Principle of hybridity
The world of educational and professional work activity is nowadays increasingly organized in ways that require horizontal movement and boundary crossing between educational and societal activities, from work to family, leisure, play, and everyday well-being. While these activities hybridize and form symbiotic relationships among themselves, human beings and their organizations are challenged by hybridity, diversity, and dialogue between different traditions or perspectives.
Moreover, with inter-professional collaboration now a concept, collaborative interventions based on activity theory present a new challenge. As discussed in detail in Chapter 2, Section 4, within the renewed framework of contemporary activity theory and its focus on networks, dialogues, and collaboration of various interconnected and heterogeneous activity systems, a new generation of empirical intervention research based on it has taken on the challenge of defining the shape of new forms of hybrids as multi-activity coalition, and developing collaborative and transformative expertise of practitioners and professionals in transition (Engestrom, 2018).
Thus, the principle of hybridity is based on a methodology that states that networks, interactions, boundary crossings, and other mechanisms of collaboration among different activity systems create new activity transformations. This principle of hybridity focuses on the methodology of collaborative interventions in creating advanced networks of expansive learning among a variety of participants both inside and outside a school and community, gradually transcending its institutional boundaries. Collaborative and participatory interventions predicated on the principle of hybridity have the potential to promote participating organizations and actors to share a new, expanded sense of the sites, objects, and scope of educational work.
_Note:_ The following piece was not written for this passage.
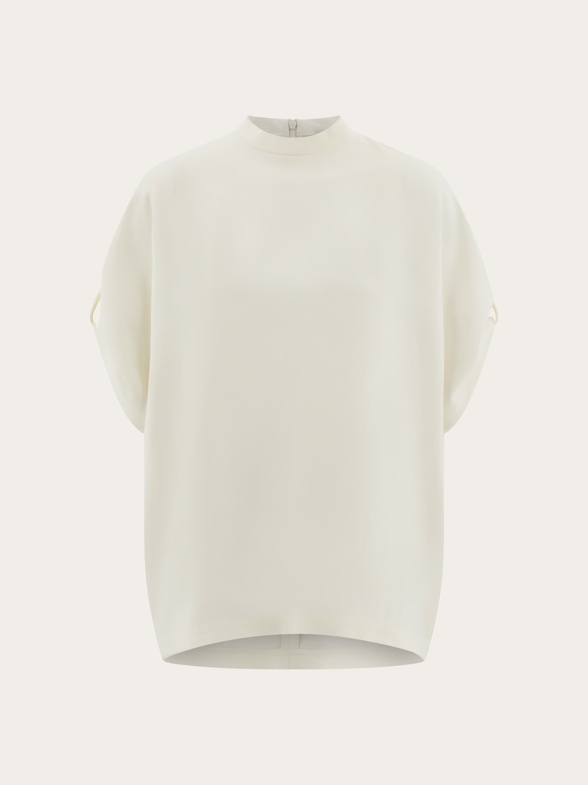A most versatile piece for both on and off the clock looks: cady stretch viscose top with a smooth, silky feel. The boxy fit confirms a current appeal, echoed by the turned up sleeve with contrasting buttons. A hidden zip at the back of the neck maintains the clean line. - Composition: 97% viscose, 3% elastane - Model measurements: Height 5' 10"/178 cm; Bust 31½ "/80 cm; Waist 23½"/60 cm; Hips 34 "/88 cm - Model wearing: 38 - Made in ITALY - Product code: 13G375 780945
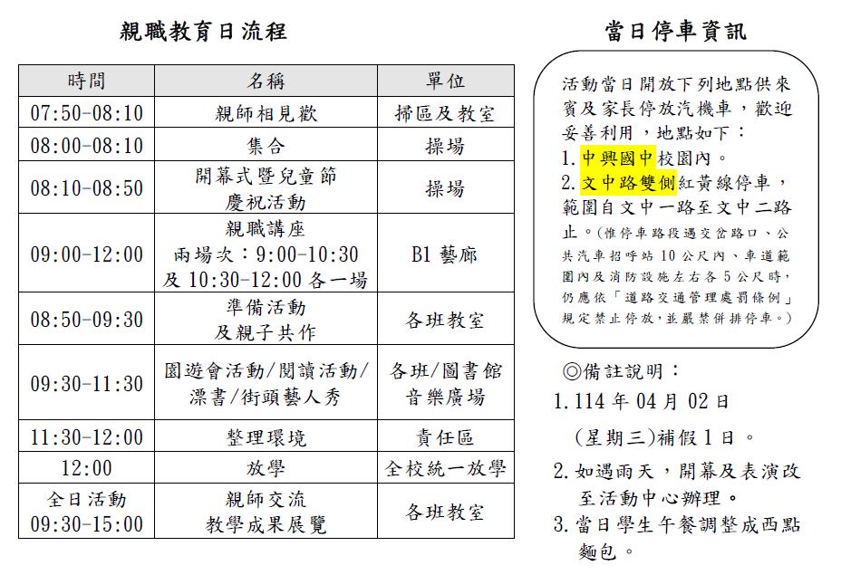 感謝您一直以來對校務活動的關心與支持,為加強親師之聯繫互動以及共同關心經營優質教育,本校訂114年3月29日(六)舉辦親職教育日暨兒童節慶祝活動~友善校園 SHINE亮你心,在此誠懇地邀請您能撥冗參加,與孩子共度難忘的週末,為孩子的成長留下珍貴的紀錄!

Based on these two principles, the theoretical concepts of transfer of agency and collaborative change agent, which can be derived from the former, arc formed and serve as intermediate analytical instruments, and hybrid educational innovation and knotworking agency are formed from the latter. Both arc intermediate theoretical concepts for analyzing and grasping new historical and systemic patterns of educational practice from the standpoint of activity theory. By interacting with data obtained from case studies, Chapter 4 uses the concept of transfer of agency, Chapter 5 uses the concept of collaborative change agent, Chapter 6 uses the concept of hybrid educational innovation, and Chapter 7 uses the concept of knotworking agency.
By applying the general framework of activity theory and the methodology of formative interventions to case studies in Japan, the following four chapters in Parts II (Chapters 4 and 5) and III (Chapters 6 and 7) analyze and illuminate concrete educational practices and expansive learning activities as collaborative interventions in Japanese schools and communities, which have been formulated historically and culturally.
Note
1 For example, Knud Illeris’s (2009) Contemporary Theories of Learning contains articles from sixteen of the world’s most influential learning theorists, of which Engestrom’s expansive learning is a part.